• başlamadan önce eski amerikayı düşünelim. insanlar iki biyolojik gruba ayrılmış, zenciler ve beyazlar. insanlar bu grupların biyolojik olarak birbirinden farklı olduğuna ve iki grubun da buna uygun yaşamaları gerektiğine inanıyor. "sen zencisin, bu kıyafetleri giymek zorundasın, sen burada yaşayacaksın, beyazlar daha zekidir, zencilerin ve beyazların toplumdaki rolü farklıdır. önce beyazlar!!! zencilerin kafatası itaat etmeye daha uygundur. zenciler daha tehlikelidir hatta amerikada hapislerin çoğu zencilerden oluşur." ikili cinsiyet sistemine ne kadar da benziyor değil mi? farklı rollere sahip iki gruba ayrılmış insanlar. ten renklerine bakılarak yapılmış bu ayrım, ne yazık ki halen bitirilebilmiş değil. fakat 100 yıl öncesine göre çok daha ilerlemiş durumdalar. peki bunu nasıl başardılar? nasıl oldu da bir insana "zenci" demek suç sayılabiliyor. tabi ki bunu, ırk kavramını toplumdan silerek başardılar. çözüm asla her iki ırka eşit haklar tanımak değil. asıl çözüm ırk kavramını tamamen silmek. gruplaşmayı tamamen yok etmek. cinsiyet kavramına yapılması gerektiği gibi;

    cinsiyetsiz toplum yapısı, herhangi bir cinsiyet rolü dayatması olmaksızın insanların hayatlarını sürdürdüğü; dilde, hukukta, kıyafetlerde, kültürde, insan ilişkilerinde, iş hayatında, eğitimde kısacası hayatın her alanında toplumsal cinsiyet dayatmalarından arınmış toplum yapısıdır.

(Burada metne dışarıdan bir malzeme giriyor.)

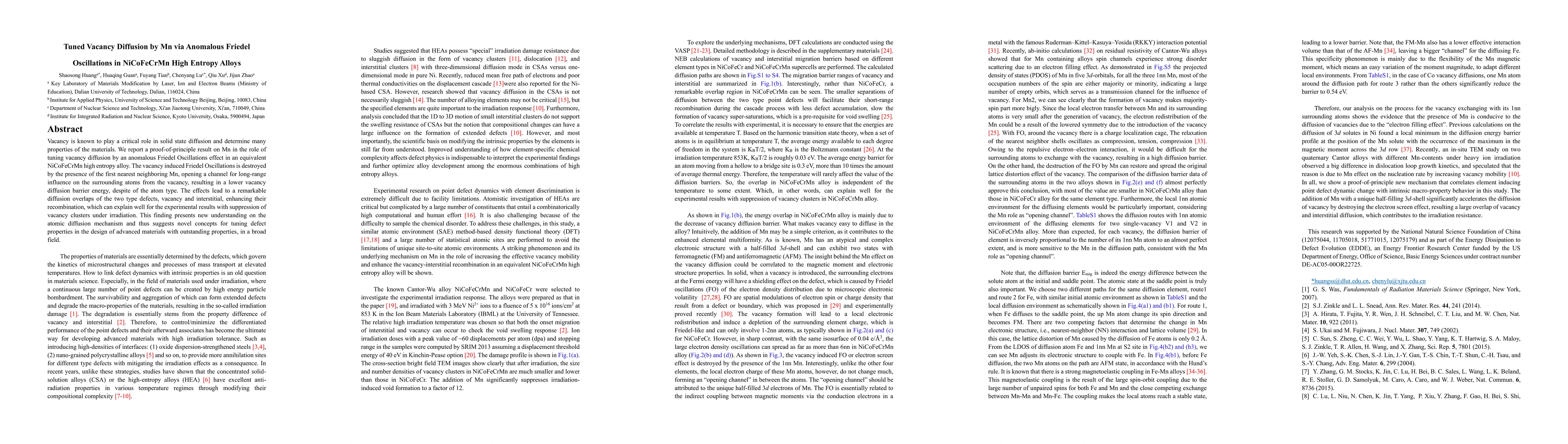 Vacancy is known to play a critical role in solid state diffusion and determine many properties of the materials. We report a proof-of-principle result on Mn in the role of tuning vacancy diffusion by an anomalous Friedel Oscillations effect in an equivalent NiCoFeCrMn high entropy alloy. The vacancy induced Friedel Oscillations is destroyed by the presence of the first nearest neighboring Mn, opening a channel for long-range influence on the surrounding atoms from the vacancy, resulting in a lower vacancy diffusion barrier energy, despite of the atom type. The effects lead to a remarkable diffusion overlaps of the two type defects, vacancy and interstitial, enhancing their recombination, which can explain well for the experimental results with suppression of vacancy clusters under irradiation. This finding presents new understanding on the atomic diffusion mechanism and thus suggests novel concepts for tuning defect properties in the design of advanced materials with outstanding properties, in a broad field.
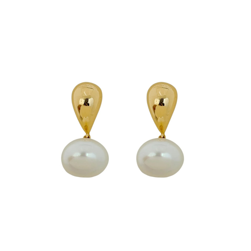 Brinco gota folheado a ouro 18k com pérola
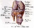 关节囊较薄而松弛,前方有髌韧带,是股四头肌肌腱的延续,止于胫骨粗隆。在髌韧带的两侧,有髌内、外侧支持带,为股内侧股和股外侧肌腱膜的下延。后方有腘斜韧带。内侧有胫侧副韧带,外侧为腓侧副韧带。
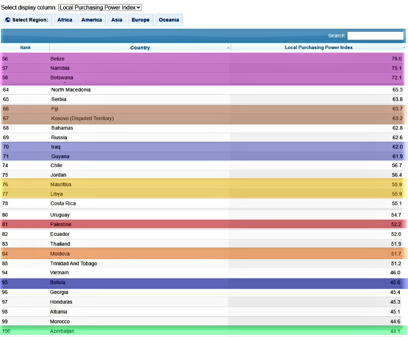 Similarly, in Numbeo’s Cost of Living Index sub-index, the rankings and classifications of countries appear entirely misleading. For instance, among the top 50 countries in this sub-index are island and peninsula nations such as Trinidad and Tobago, Puerto Rico, Papua New Guinea, and the Isle of Man, many of which rely heavily on aid and subsidies from international financial organizations.
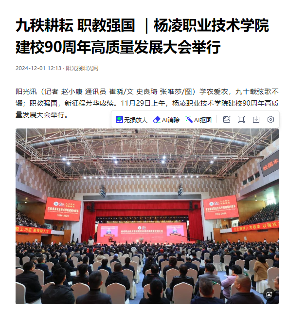 学农爱农,九十载弦歌不辍;职教强国,新征程芳华赓续。11月29日上午,杨凌职业技术学院建校90周年高质量发展大会举行。
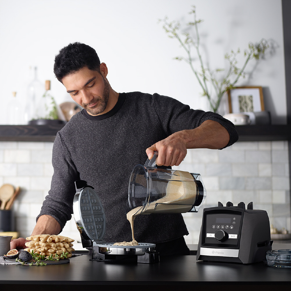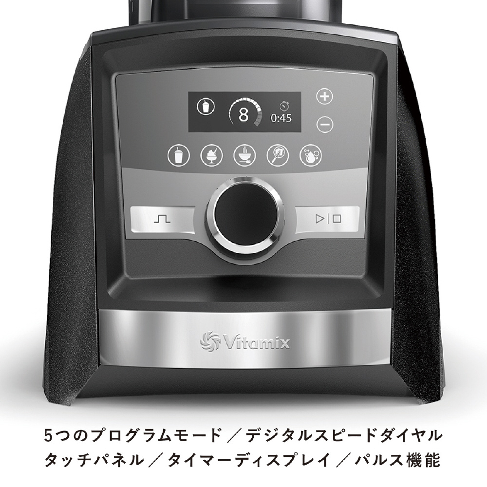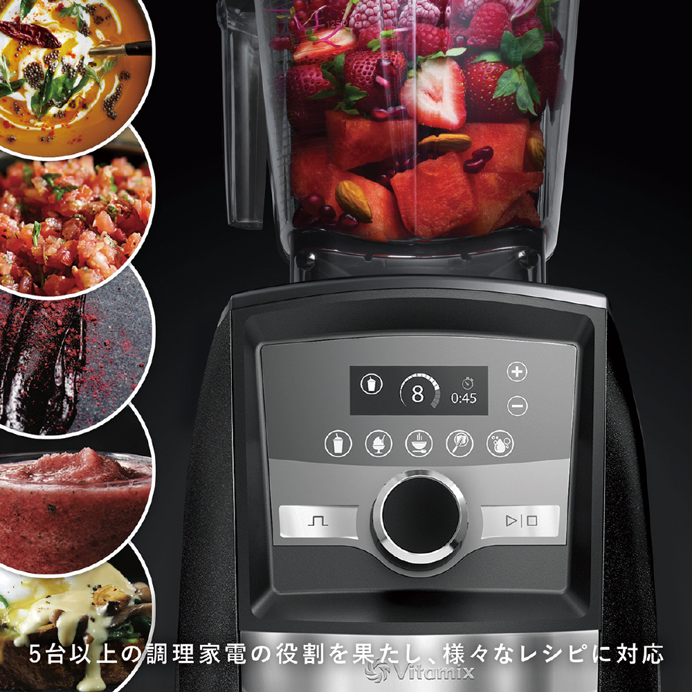 バイタミックスのスピードダイヤルを回す時間とスピード調整、食材入れる、これだけであらゆる調理に対応できます。

    cinsiyetçiliğin ve cinsiyetle alakalı her türlü cinsel suçun çözümü olarak hayata geçirilebilecek bu yöntem bildiğimiz cinsiyet konseptini kökten değiştirecektir. ayrıntılı anlatıma başlamadan önce iki kavrama açıklık getirmek istiyorum.

    cisgender: biyolojik cinsiyetiyle ilişkilendirilmiş cinsiyet rolünü kabul eden kişilerdir. örneğin kendini kadın olarak tanımlayan ve kadın cinsiyet rolüne uygun yaşayan bir heteroseksüel biyolojik kadın cisgenderdır.
    kuir: biyolojik cinsiyetiyle ilişkilendirilmiş cinsiyet rolünü kabul etmeyen herkes kuirdir. örneğin eşcinseller ve translar kuirdir.

    neden cinsiyetsiz toplum ?

    çünkü toplumsal cinsiyet rollerine uymak istemeyen, ve bu şekilde yaşamaktan rahatsızlık duyan birçok insan var dünyada. kuir insanlardan bahsediyorum. üstelik çocukları da derinden etkiliyor bu olay. biyolojik cinsiyeti "erkek" olan bir çocuk 'kız' kardeşi gibi etek giyebilmek istiyor mesela. yeri geldiğinde ağlayabilmek istiyor. sırf biyolojik cinsiyetinden ötürü sokak kavgalarına karışmak veya kendini fiziksel olarak savunmak zorunda kalmak onun için uygun değil. travmatik bir çocukluk sonrası oluşan bir cinsel kimlik bunalımına giriyor sonra çocuk. kimisi için ağır travmalara yol açıyor bu toplum yapısı. kimisi için de hayatı zorlaştırıyor. cisgender insanların çoğunluğu bu sistemi savunuyor olmasına rağmen, birçok kuir ve gizli kuir insan için bu sistem zorbalıktan başka bir şey değildir. hatta cisgender insanlar için de cinsiyetli toplum yapısı son derece yorucu ve zararlıdır. sırf biyolojik cinsiyetiniz kadın olduğundan ötürü sürekli ev işleriyle uğraşmak, kariyerinizde belli bir sınırı aşamamak, sadece cinsel bir obje olarak algılanmak ne kadar kötü değil mi? veya sırf biyolojik erkek olduğunuz için fiziksel şiddete maruz kalmak, sürekli güçlü olmaya çalışmak ne kadar zehir eder insanın hayatını. hele ki içten içe bu sistemden nefret ediyorsanız.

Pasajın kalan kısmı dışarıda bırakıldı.